【砂漠の星に見る夢】
急に可笑しくてたまらなくなり人知れず笑みを浮かべ、小走りで町外れの人気のない古い井戸に駆け寄った。
井戸を前にゴクリと息を呑み、意を決したようにその中に飛び込むと、一瞬体が浮いたような感覚がし、気がつくと『教会』の床の上に座り込んでいた。
落ちた感覚でもなく、はたまた引っ張られるような感覚でもなく、井戸から入ると教会の床に座っていたという不思議な現象にイシスは複雑な表情を浮かべた。
牛革の椅子に腰をかけていたネフェルは、イシスの姿に屈託ない笑みを見せた。
「やあ、待ってたよ」
イシスは歯にかんだ笑みを見せ、ゆっくり立ち上がった。
「……町は明日のあなたの誕生日の話題でもちきりよ」
「宮殿の中でも、もちきりだよ。

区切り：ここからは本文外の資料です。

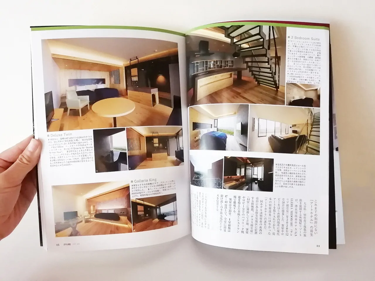 「新たな滞在を提案する『リゾートホテル・旅館』」という特集の中で取り上げていただき、ロビー空間のお写真が表紙となっております。記者さんと写真家さんも現地にいらっしゃっての撮り下ろしだったようです。

それよりイシス、こっちに来て」
そう言ってネフェルは手を差し伸べ、モニターの前に来るように促した。
「ええ」
なにかしら、とイシスはネフェルの横に立ち、大型モニターを見上げた。
「見せたいものがあるんだ」
そういってネフェルがキーを押すと、モニターに真っ青な球体が映し出された。
その美しく青い球体に、「わぁ、なんて綺麗なの?」とイシスは目を輝かせて身を乗り出した。